- Beardstown Location within the state of Tennessee Beardstown Beardstown (the United States)
- Coordinates: 35°42′44″N 87°47′57″W﻿ / ﻿35.71222°N 87.79917°W
- Country: United States
- State: Tennessee
- County: Perry
- Elevation: 512 ft (156 m)
- Time zone: UTC-6 (Central (CST))
- • Summer (DST): UTC-5 (CDT)
- GNIS feature ID: 1276650

= Beardstown, Tennessee =

Unincorporated community in Tennessee, United States

Beardstown is an unincorporated community located entirely within the city limits of Lobelville, Tennessee.

==History==
Beardstown was formerly host to an elementary school, post office, and a store. The school was established in 1900, originally housed in a white frame building that was replaced by a modern brick structure with school rooms and a combined gymnasium and cafeteria in 1946. The school closed in 1988 with the consolidation of public schools in Perry County as one of the last one or two teacher community schools left in the state.

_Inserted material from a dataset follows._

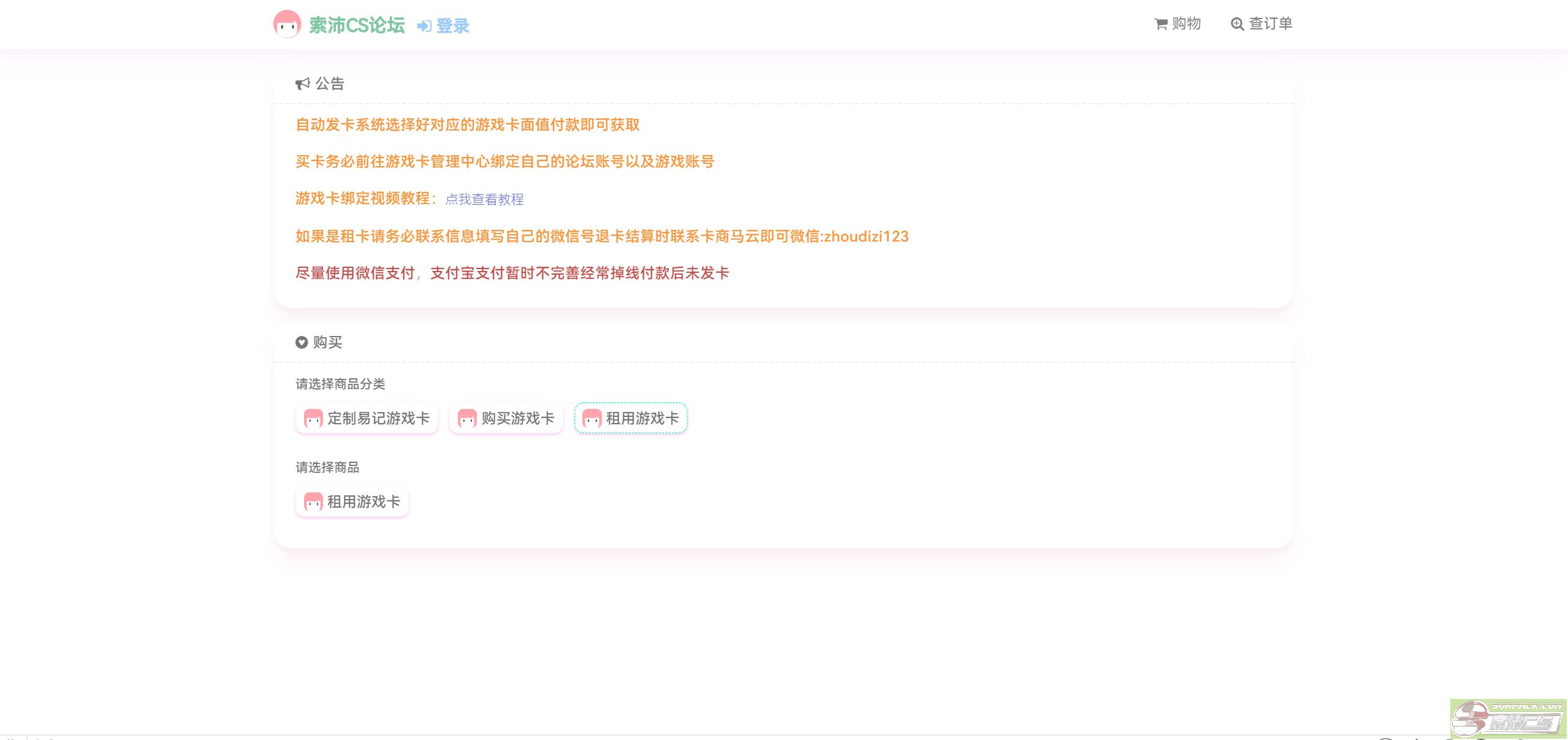 http://zfb.spcs.vip/由于论坛交易区无法支持微信支付,搞个发卡网弥补下这个缺口,同时支持在线租卡 后期再完善其他的吧

In 1864, a skirmish known as the Battle of Beardstown was fought partly in an area currently occupied by a golf course in Beardstown between Confederate and Union forces during the American Civil War.

The 1876 edition of R. L. Polk and Co.'s Tennessee State Gazetteer reported Beardstown as the second largest settlement in Perry County, after Linden. At the time, it had a population of about 100 inhabitants, and was home to three grocers, three blacksmiths, a carpenter's shop, a general store, and a hotel.